* _Data extract_
++++++++

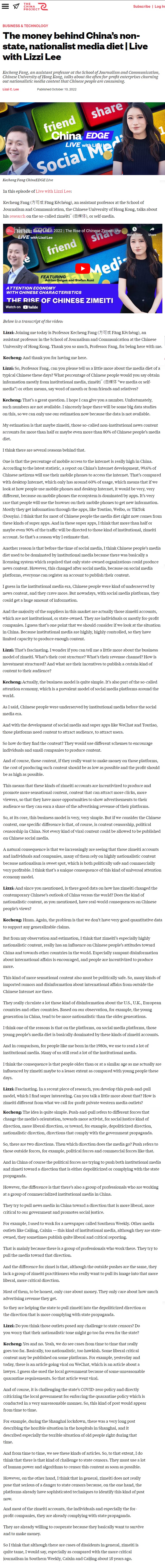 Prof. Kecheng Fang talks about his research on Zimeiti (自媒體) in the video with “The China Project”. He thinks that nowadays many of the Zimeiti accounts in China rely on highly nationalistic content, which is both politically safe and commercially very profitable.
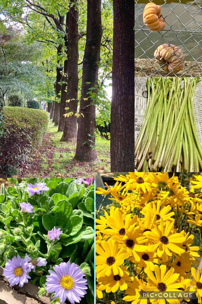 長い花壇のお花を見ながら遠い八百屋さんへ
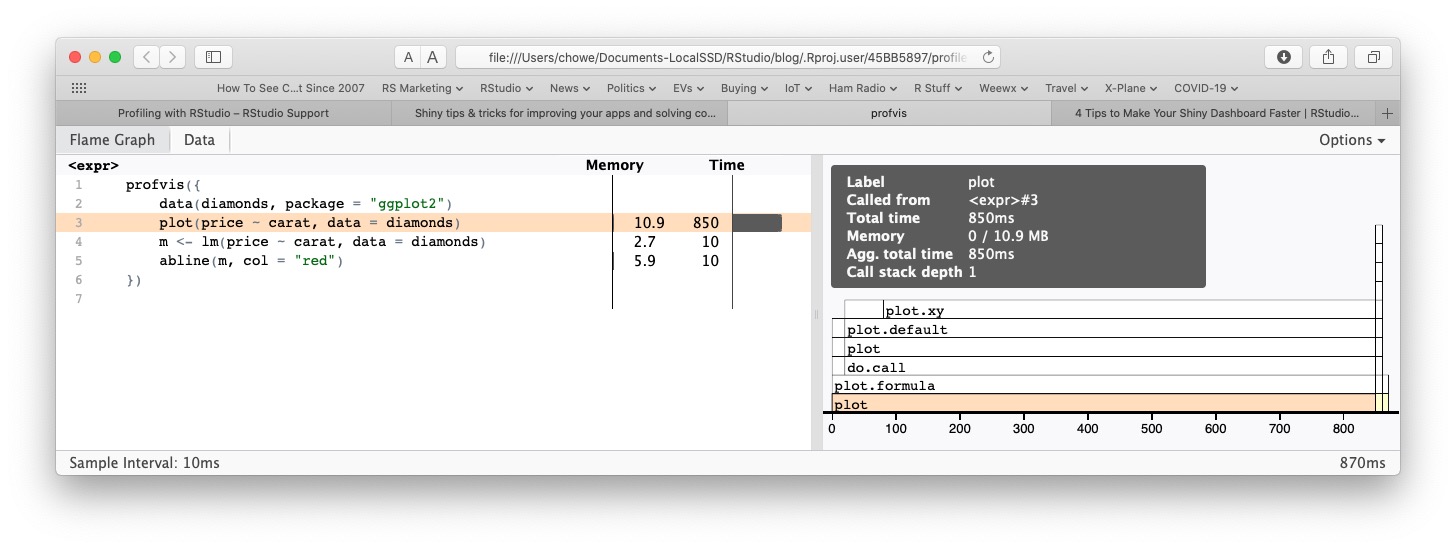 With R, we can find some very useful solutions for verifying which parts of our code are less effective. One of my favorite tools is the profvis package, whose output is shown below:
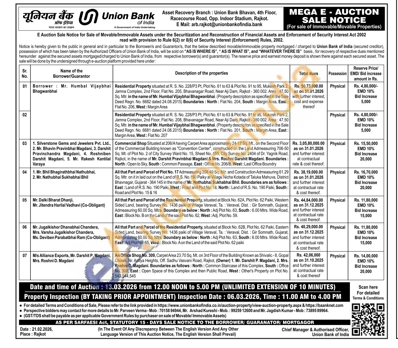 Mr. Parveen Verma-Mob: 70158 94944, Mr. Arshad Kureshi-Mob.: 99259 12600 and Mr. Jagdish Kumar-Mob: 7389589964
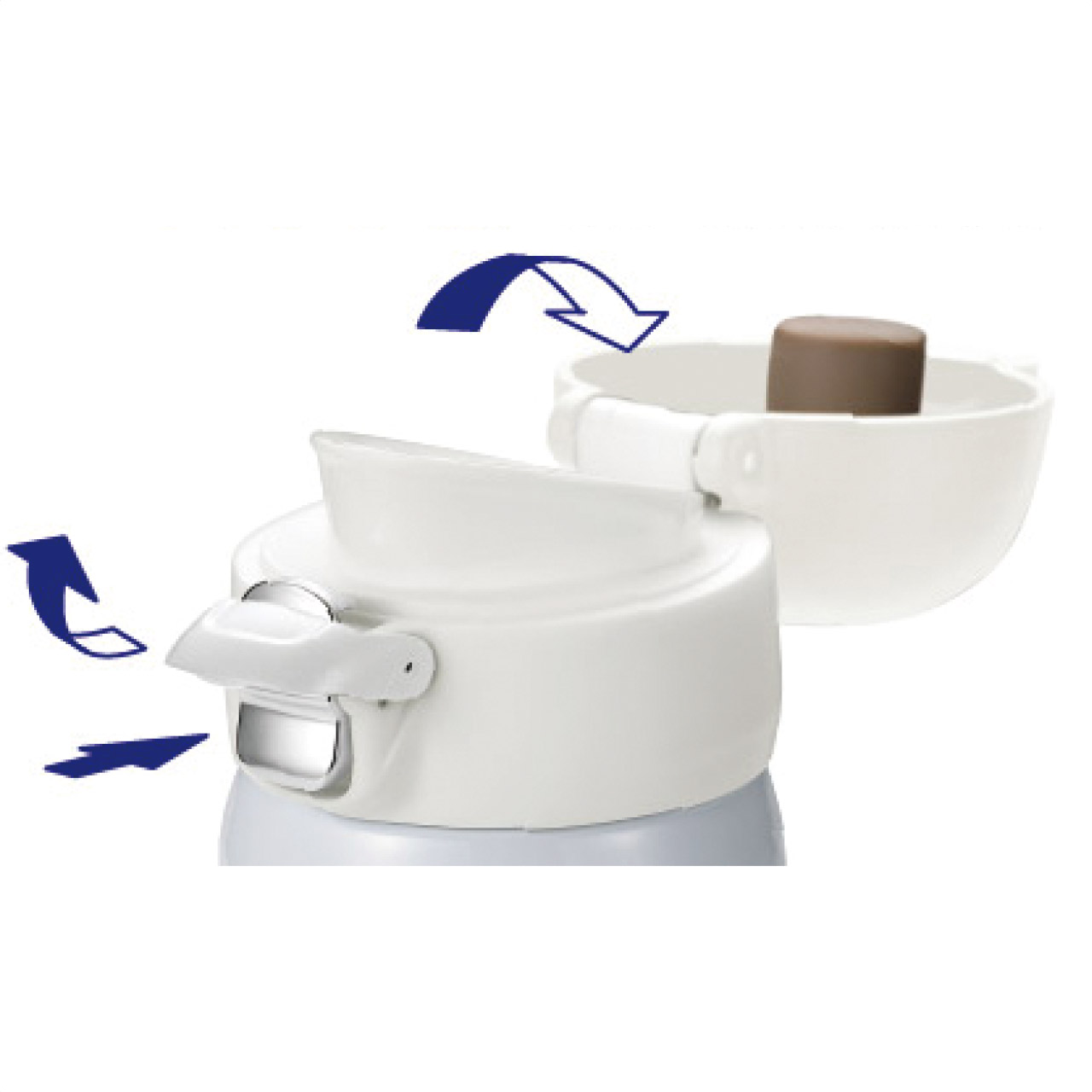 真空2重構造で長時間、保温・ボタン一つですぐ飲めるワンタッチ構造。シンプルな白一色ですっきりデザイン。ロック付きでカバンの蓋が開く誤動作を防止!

++++++++

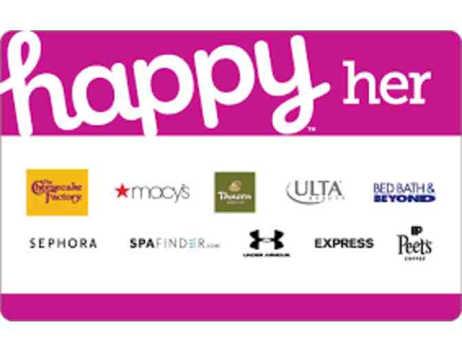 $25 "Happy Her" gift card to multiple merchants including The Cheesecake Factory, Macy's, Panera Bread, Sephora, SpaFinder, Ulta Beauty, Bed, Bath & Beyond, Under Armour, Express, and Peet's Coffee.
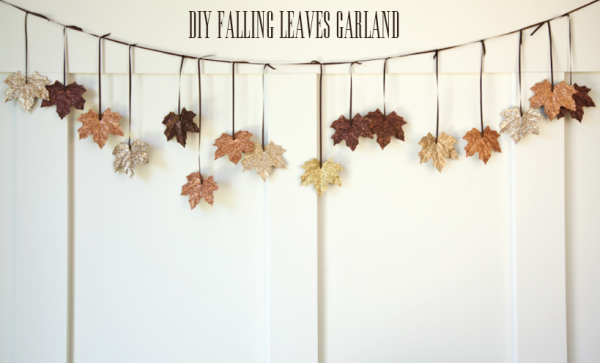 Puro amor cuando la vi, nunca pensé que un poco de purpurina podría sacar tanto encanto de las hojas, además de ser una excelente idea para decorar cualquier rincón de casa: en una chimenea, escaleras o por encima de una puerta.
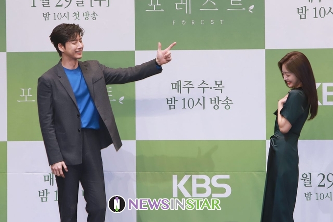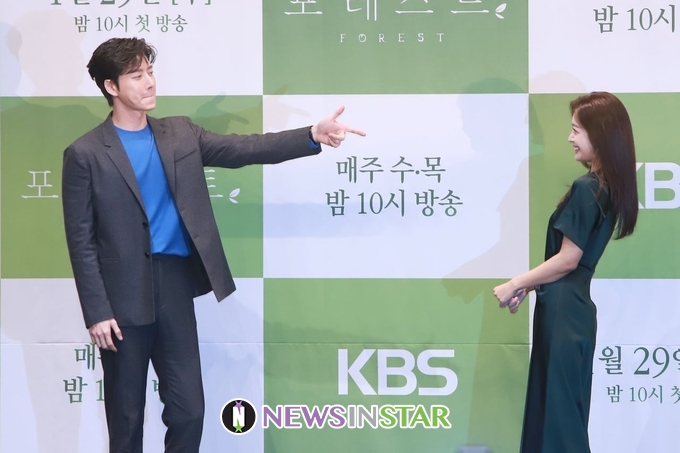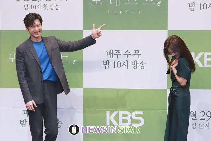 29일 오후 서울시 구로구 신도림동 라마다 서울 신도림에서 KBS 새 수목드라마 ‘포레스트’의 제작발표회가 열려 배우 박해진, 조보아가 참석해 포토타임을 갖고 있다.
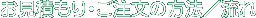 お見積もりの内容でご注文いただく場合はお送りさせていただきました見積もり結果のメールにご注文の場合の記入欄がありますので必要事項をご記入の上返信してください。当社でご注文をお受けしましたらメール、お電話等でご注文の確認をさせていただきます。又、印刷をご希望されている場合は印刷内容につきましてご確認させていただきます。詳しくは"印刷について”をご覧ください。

++++++++

* _Task details_
Above are the records; copy from them only the lines starting at the one containing "Puro amor cuando" and ending at the one containing "お見積もりの内容でご注文いた", exactly and without pictures.

* _Written answer_
 Puro amor cuando la vi, nunca pensé que un poco de purpurina podría sacar tanto encanto de las hojas, además de ser una excelente idea para decorar cualquier rincón de casa: en una chimenea, escaleras o por encima de una puerta.
 29일 오후 서울시 구로구 신도림동 라마다 서울 신도림에서 KBS 새 수목드라마 ‘포레스트’의 제작발표회가 열려 배우 박해진, 조보아가 참석해 포토타임을 갖고 있다.
 お見積もりの内容でご注文いただく場合はお送りさせていただきました見積もり結果のメールにご注文の場合の記入欄がありますので必要事項をご記入の上返信してください。当社でご注文をお受けしましたらメール、お電話等でご注文の確認をさせていただきます。又、印刷をご希望されている場合は印刷内容につきましてご確認させていただきます。詳しくは"印刷について”をご覧ください。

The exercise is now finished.